[EXERCISE INSTRUCTIONS]: The data below should be restated word for word, pictures omitted.

[EXERCISE DATA]:
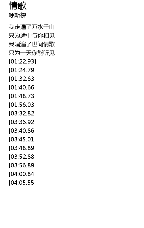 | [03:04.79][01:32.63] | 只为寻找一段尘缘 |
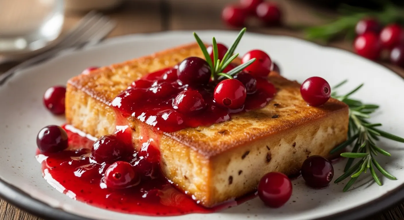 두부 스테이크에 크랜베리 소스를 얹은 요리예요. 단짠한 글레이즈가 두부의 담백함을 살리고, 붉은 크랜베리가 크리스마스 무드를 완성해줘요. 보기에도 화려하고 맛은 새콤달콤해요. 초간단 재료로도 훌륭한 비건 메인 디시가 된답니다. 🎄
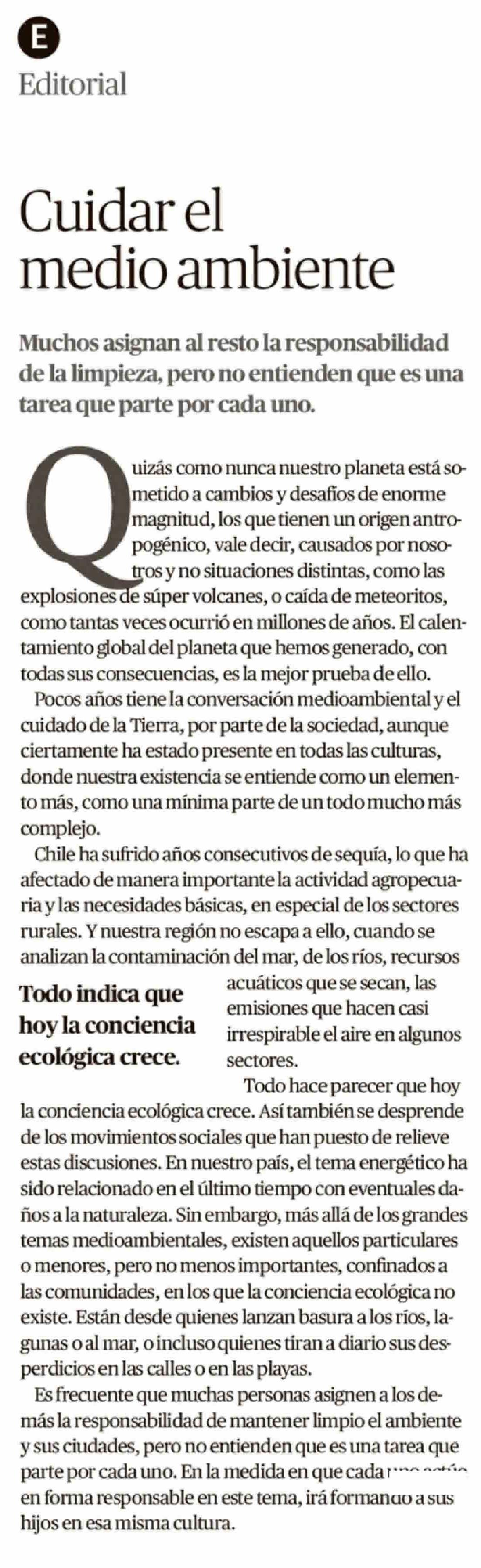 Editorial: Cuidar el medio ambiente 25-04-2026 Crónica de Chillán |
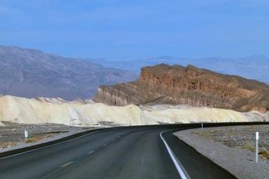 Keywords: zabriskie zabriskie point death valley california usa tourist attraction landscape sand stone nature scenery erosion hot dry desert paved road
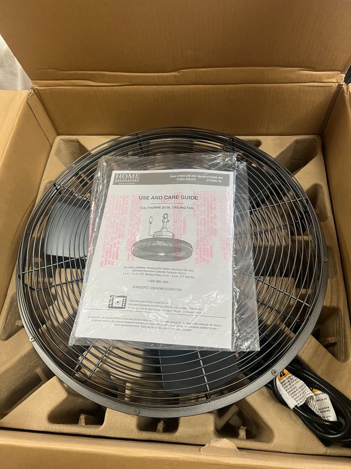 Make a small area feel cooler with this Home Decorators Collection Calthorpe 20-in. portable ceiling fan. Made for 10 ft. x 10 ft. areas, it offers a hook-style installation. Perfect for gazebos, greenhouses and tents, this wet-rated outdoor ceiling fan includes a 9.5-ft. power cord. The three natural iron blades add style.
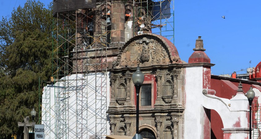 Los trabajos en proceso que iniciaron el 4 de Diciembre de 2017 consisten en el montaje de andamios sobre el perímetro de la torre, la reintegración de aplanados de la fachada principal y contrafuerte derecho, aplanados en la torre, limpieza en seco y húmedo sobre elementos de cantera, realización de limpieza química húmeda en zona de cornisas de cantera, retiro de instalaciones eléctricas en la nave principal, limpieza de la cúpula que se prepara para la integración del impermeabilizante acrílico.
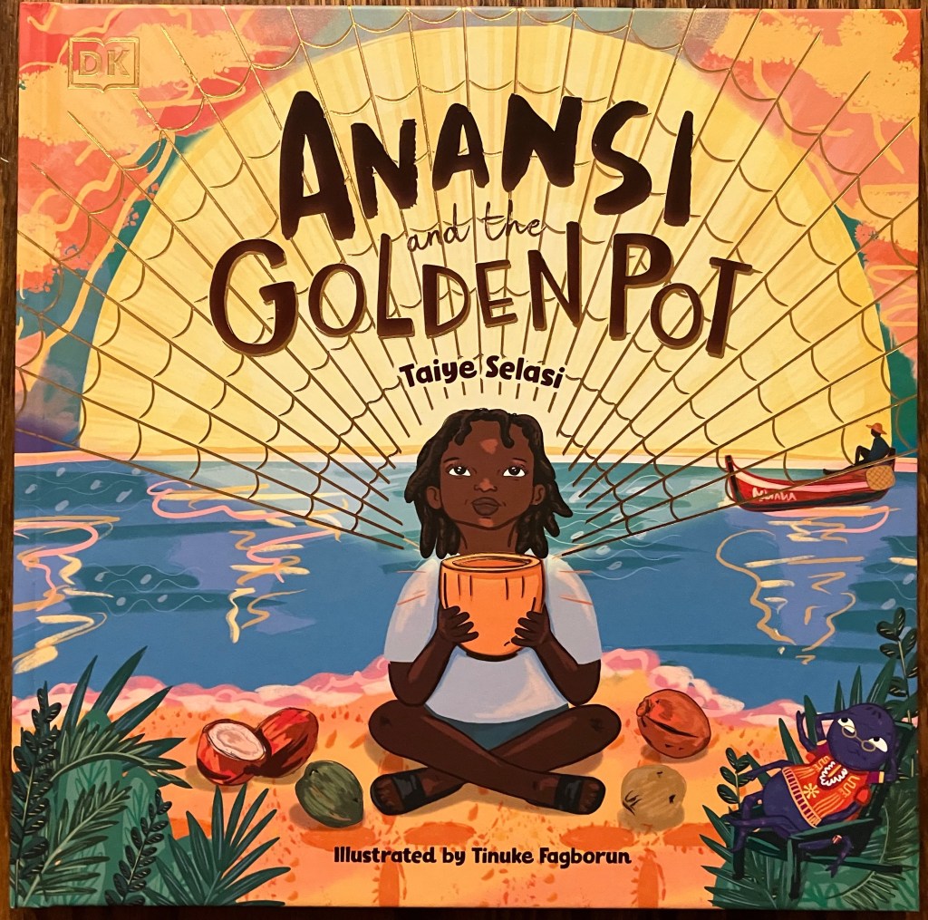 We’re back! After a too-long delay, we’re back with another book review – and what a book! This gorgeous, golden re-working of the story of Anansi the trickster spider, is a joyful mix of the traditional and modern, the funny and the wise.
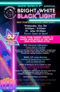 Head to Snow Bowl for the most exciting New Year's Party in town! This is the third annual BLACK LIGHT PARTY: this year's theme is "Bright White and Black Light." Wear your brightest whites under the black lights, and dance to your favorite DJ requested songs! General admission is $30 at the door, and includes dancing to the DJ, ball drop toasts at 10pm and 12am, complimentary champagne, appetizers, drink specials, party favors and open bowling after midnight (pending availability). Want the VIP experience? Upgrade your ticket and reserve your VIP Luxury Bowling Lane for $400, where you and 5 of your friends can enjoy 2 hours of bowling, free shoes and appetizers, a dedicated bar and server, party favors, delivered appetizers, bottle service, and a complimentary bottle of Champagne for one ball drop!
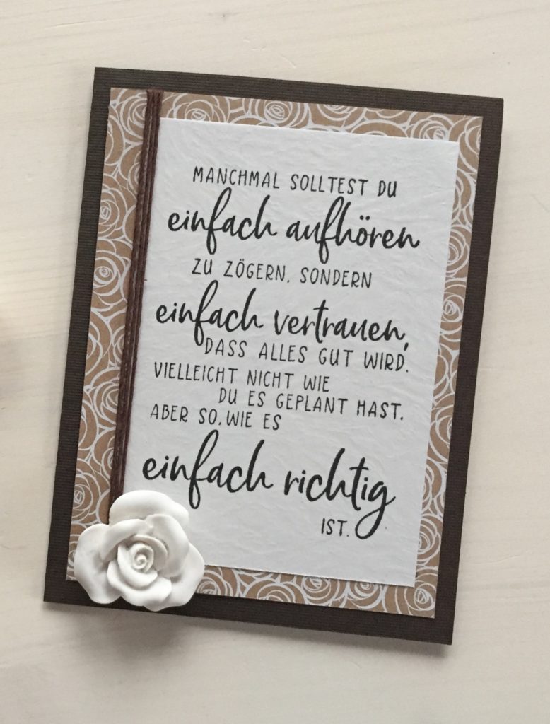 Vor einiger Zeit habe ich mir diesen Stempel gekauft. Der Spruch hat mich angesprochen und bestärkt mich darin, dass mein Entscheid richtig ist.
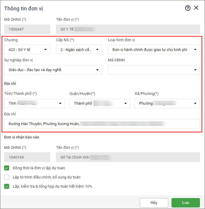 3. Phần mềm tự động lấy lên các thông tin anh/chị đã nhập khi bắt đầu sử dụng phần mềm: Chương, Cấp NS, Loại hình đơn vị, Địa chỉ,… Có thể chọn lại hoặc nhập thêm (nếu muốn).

[EXERCISE RESPONSE]:
 | [03:04.79][01:32.63] | 只为寻找一段尘缘 |
 두부 스테이크에 크랜베리 소스를 얹은 요리예요. 단짠한 글레이즈가 두부의 담백함을 살리고, 붉은 크랜베리가 크리스마스 무드를 완성해줘요. 보기에도 화려하고 맛은 새콤달콤해요. 초간단 재료로도 훌륭한 비건 메인 디시가 된답니다. 🎄
 Editorial: Cuidar el medio ambiente 25-04-2026 Crónica de Chillán |
 Keywords: zabriskie zabriskie point death valley california usa tourist attraction landscape sand stone nature scenery erosion hot dry desert paved road
 Make a small area feel cooler with this Home Decorators Collection Calthorpe 20-in. portable ceiling fan. Made for 10 ft. x 10 ft. areas, it offers a hook-style installation. Perfect for gazebos, greenhouses and tents, this wet-rated outdoor ceiling fan includes a 9.5-ft. power cord. The three natural iron blades add style.
 Los trabajos en proceso que iniciaron el 4 de Diciembre de 2017 consisten en el montaje de andamios sobre el perímetro de la torre, la reintegración de aplanados de la fachada principal y contrafuerte derecho, aplanados en la torre, limpieza en seco y húmedo sobre elementos de cantera, realización de limpieza química húmeda en zona de cornisas de cantera, retiro de instalaciones eléctricas en la nave principal, limpieza de la cúpula que se prepara para la integración del impermeabilizante acrílico.
 We’re back! After a too-long delay, we’re back with another book review – and what a book! This gorgeous, golden re-working of the story of Anansi the trickster spider, is a joyful mix of the traditional and modern, the funny and the wise.
 Head to Snow Bowl for the most exciting New Year's Party in town! This is the third annual BLACK LIGHT PARTY: this year's theme is "Bright White and Black Light." Wear your brightest whites under the black lights, and dance to your favorite DJ requested songs! General admission is $30 at the door, and includes dancing to the DJ, ball drop toasts at 10pm and 12am, complimentary champagne, appetizers, drink specials, party favors and open bowling after midnight (pending availability). Want the VIP experience? Upgrade your ticket and reserve your VIP Luxury Bowling Lane for $400, where you and 5 of your friends can enjoy 2 hours of bowling, free shoes and appetizers, a dedicated bar and server, party favors, delivered appetizers, bottle service, and a complimentary bottle of Champagne for one ball drop!
 Vor einiger Zeit habe ich mir diesen Stempel gekauft. Der Spruch hat mich angesprochen und bestärkt mich darin, dass mein Entscheid richtig ist.
 3. Phần mềm tự động lấy lên các thông tin anh/chị đã nhập khi bắt đầu sử dụng phần mềm: Chương, Cấp NS, Loại hình đơn vị, Địa chỉ,… Có thể chọn lại hoặc nhập thêm (nếu muốn).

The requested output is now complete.